Eröffnung eines Behandlungszentrums für Atemwegsinfektionen -mit gleichzeitiger Testung auf Covid-19-

Erndtebrück ist noch immer ohne bestätigten Coronafall - Weitere Maßnahmen zur Vorsorge werden nun getroffen

Das Thema Corona bewegt derzeit alle Menschen – auch in Erndtebrück. Bisher können sich die Bürgerinnen und Bürger der Edergemeinde noch immer darüber freuen, dass die offizielle Statistik keinen nachgewiesenen Corona-Fall ausweist. Trotz der nun anstehenden Lockerungen der Schutzmaßnahmen, die Bund und Länder beschlossen haben, steht natürlich die Eindämmung des Virus über allem. Hierfür ist eine intensive Testung, gerade in den kommenden Monaten, unerlässlich. Genau dies umtreibt auch den in Erndtebrück tätigen Mediziner Dr. Oliver Haas.

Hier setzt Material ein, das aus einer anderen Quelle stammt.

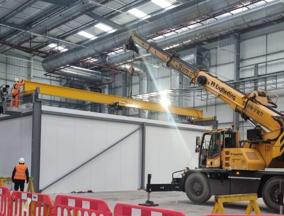 We were approached by our key customers principal contractor, who was overseeing the development of a new site facility in Sheffield. They had a requirement for a number of overhead cranes, including two 3.2t double girder cranes and a 2t single girder crane.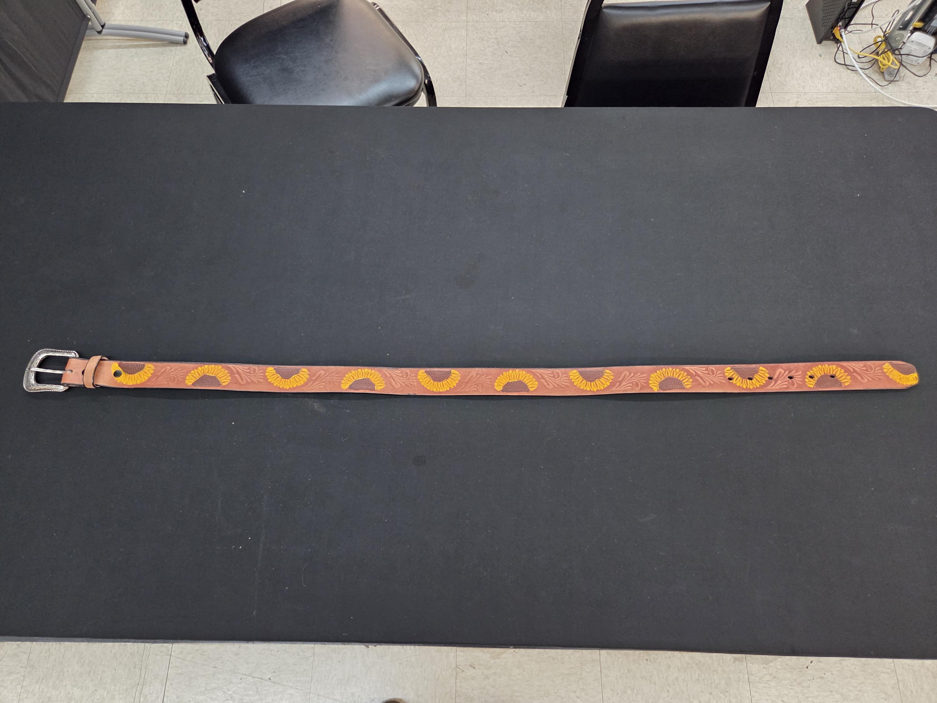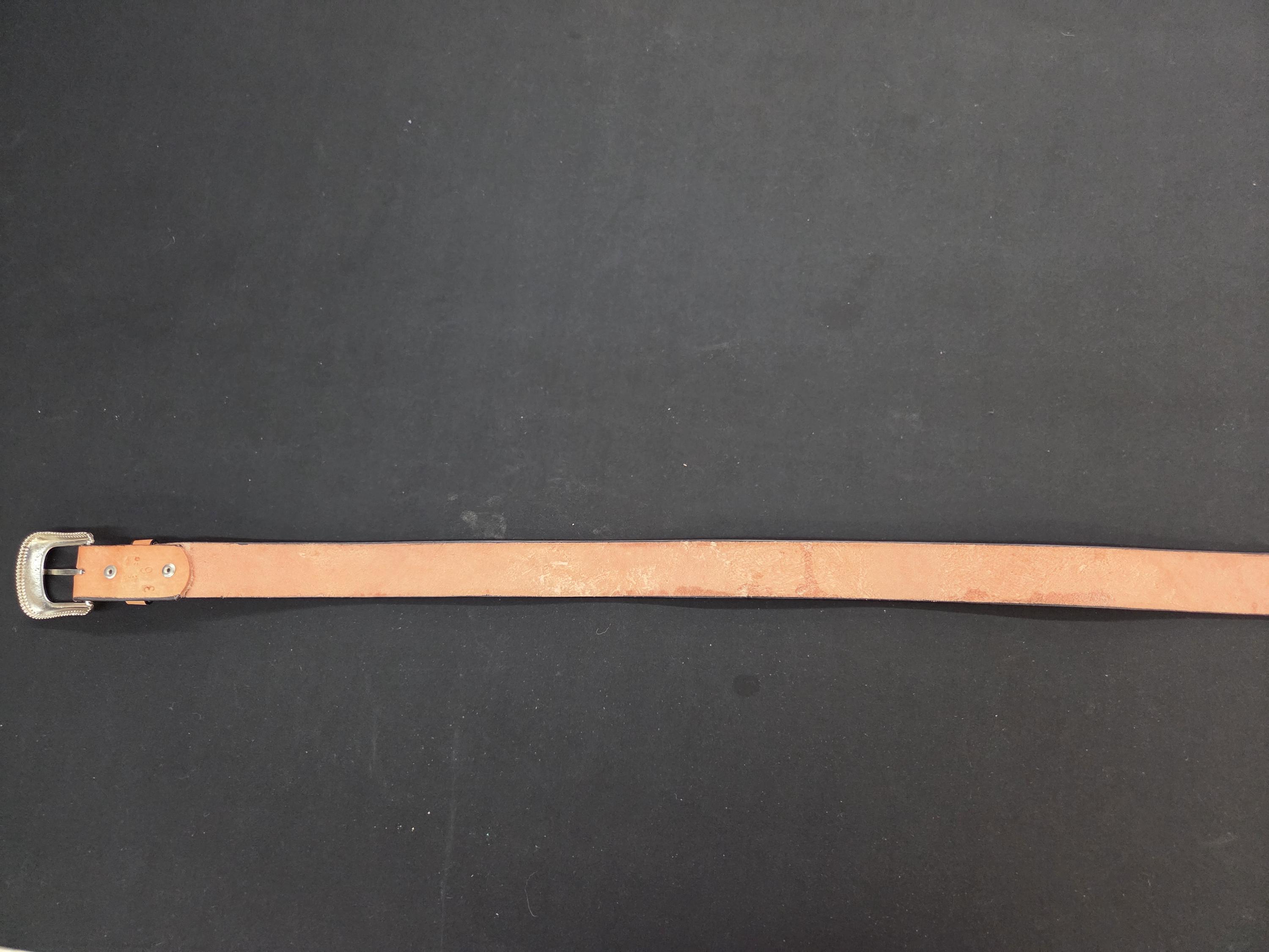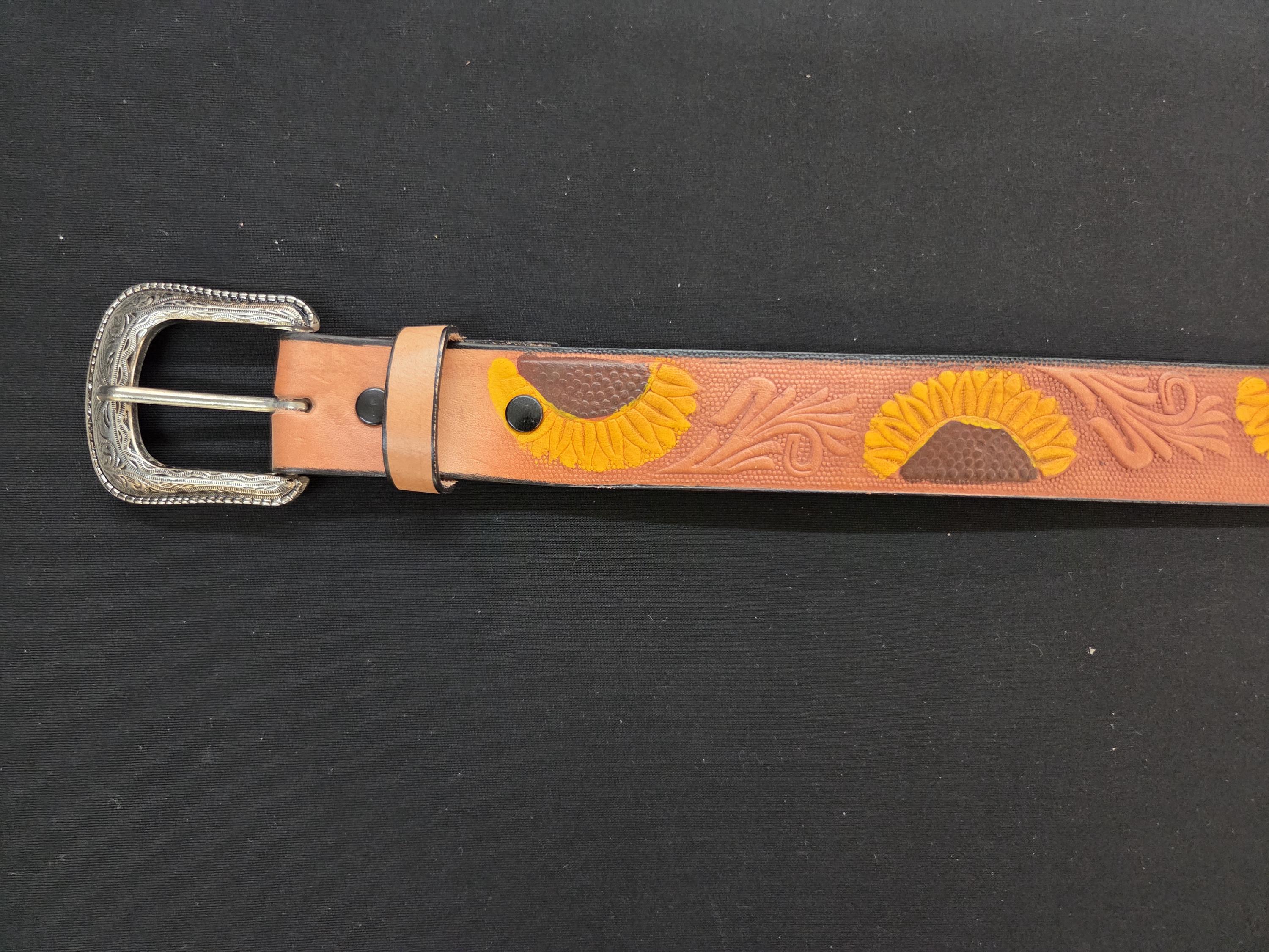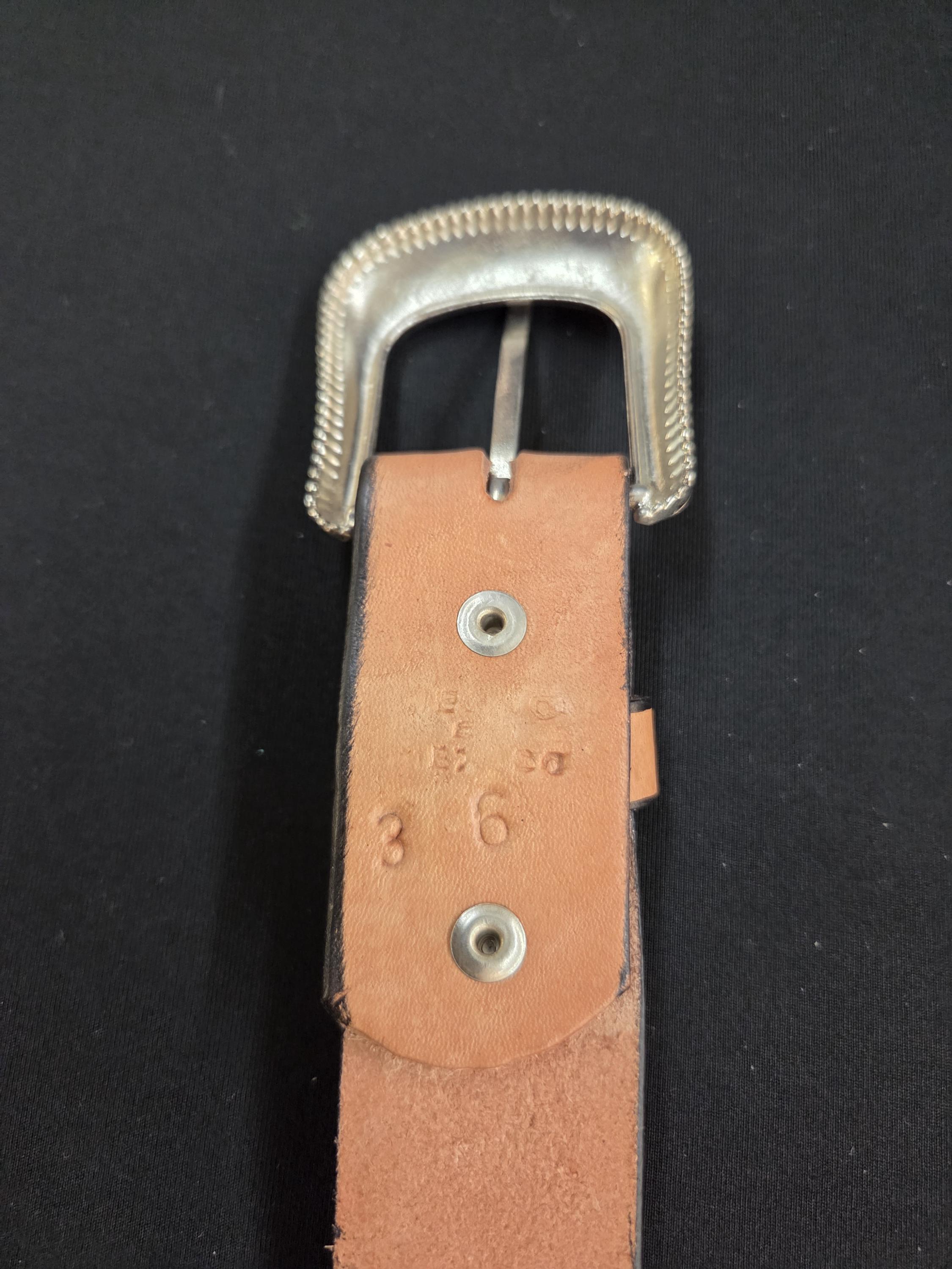 🌵 Size 36 Awesome Tooled Mexican Leather Belt – Detachable Buckle – Western Style Belt. Add a bold touch of Western craftsmanship to your wardrobe with this authentic Mexican leather belt. We also have other styles available. Made from top‑quality genuine leather, this belt is built to last and designed to stand out. All belts are hand worked so there may be very minor flaws, but overall look is always quite awesome. To see more styles that fit you in my shop just put your size desired in the search box. ⭐ Key Features * Size 36 – as marked by the maker on the backside. * Detachable buckle so you can easily swap in your own favorite buckle if desired. * Authentic tooled leather with excellent durability and feel. * Exact belt shown in photos — you receive the actual item pictured. * Measures approximately 1.5" wide and 44.45" long including the buckle.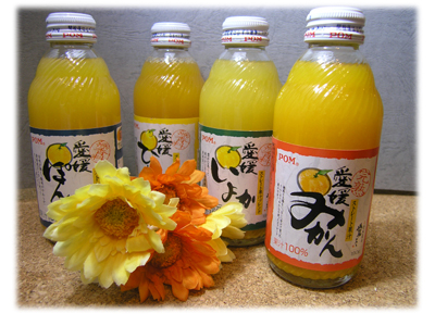 みかん、いよかん、ぽんかん、ひめぽんの4種類。さすが果汁100%ということで、それぞれの蜜柑の違いもよくわかります。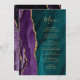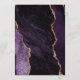 A borda esquerda deste elegante cardápio moderno de casamento apresenta uma cor d'água roxa, borda agitada com falso brilho dourado. O texto personalizável combina o script de escrita manual dourada e as fontes em uma cor d'água de fundo agate. O verso apresenta um design de agate roxo e dourado correspondente.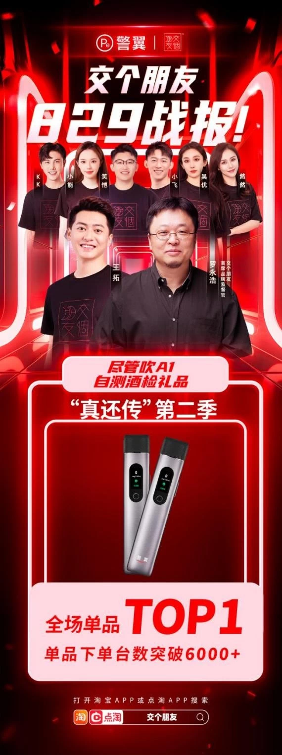 近日,警翼携手直播大咖“交个朋友”,共同掀起一场线上直播盛宴,为广大送礼达人们带来前所未有的惊喜选择!在这场合作中,警翼革命性新品——“尽管吹A1”自测型酒检仪,在直播间掀起狂潮,成为粉丝争相追捧的焦点!连罗永浩老师都为之赞叹不已,亲自站台力荐!这不仅是一次产品的热销,更是一次品牌曝光的巅峰之作。警翼,正以破竹之势,强势进军礼品市场,为你我他打造一款暖心至极的送礼佳品,实现销售与品牌的双丰收!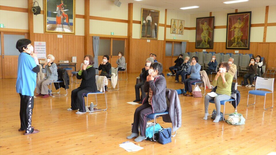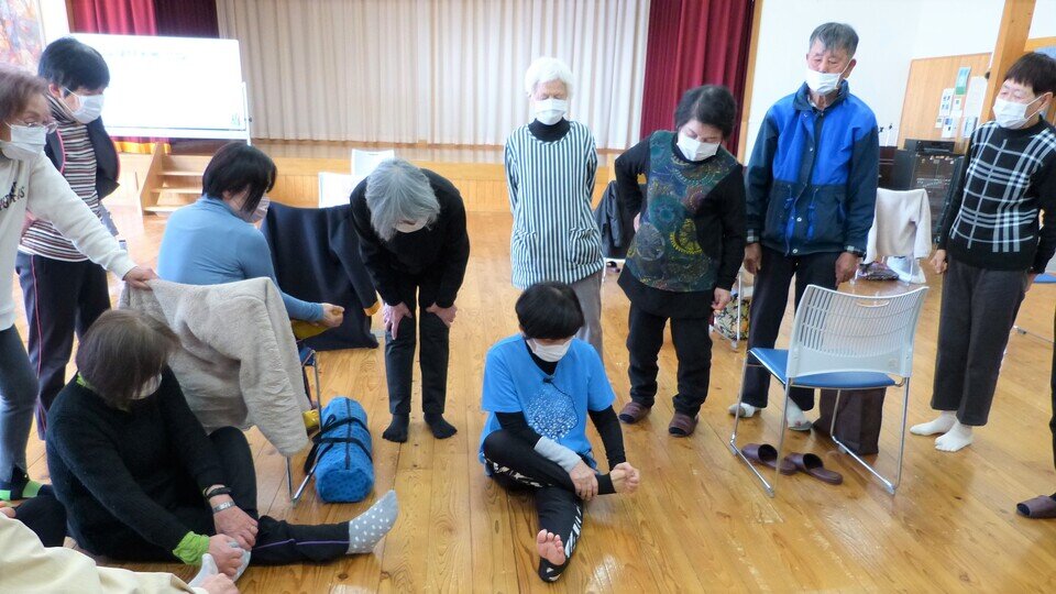 まずは、体を整えるために顔こすりと足もみから教えていただきました。両日ともに朝は寒く、皆さんいかにも冷えているといった顔色で講座に参加されていましたが、顔こすりが終わるころには、頬にチークをされたのかな?と思うほど、血色がよくなられていました。足もみが終わるころには、心もほぐれて来たのか、隣の方と教え合いをされている方もいらっしゃいました。

Zusätzlicher Untersuchungsraum im Erndtebrücker Kernort

Um die Testkapazitäten weiter zu erhöhen hat Dr. Haas nun weitere Räumlichkeiten in den Ederarkaden in Erndtebrück vorbereitet. Hier soll in Erndtebrück zentral getestet werden, wer Atemwegsbeschwerden und weitere typische Corona-Symptome hat. Der ganze Ablauf wird unabhängig von den eigentlichen Praxisräumen organisiert. „Damit schaffen wir eine größtmögliche Sicherheit für die übrigen Patienten in der Praxis und gleichzeitig eine bestmögliche Behandlung für Menschen mit Atemwegserkrankungen. Eine ideale Lösung.“ so Haas.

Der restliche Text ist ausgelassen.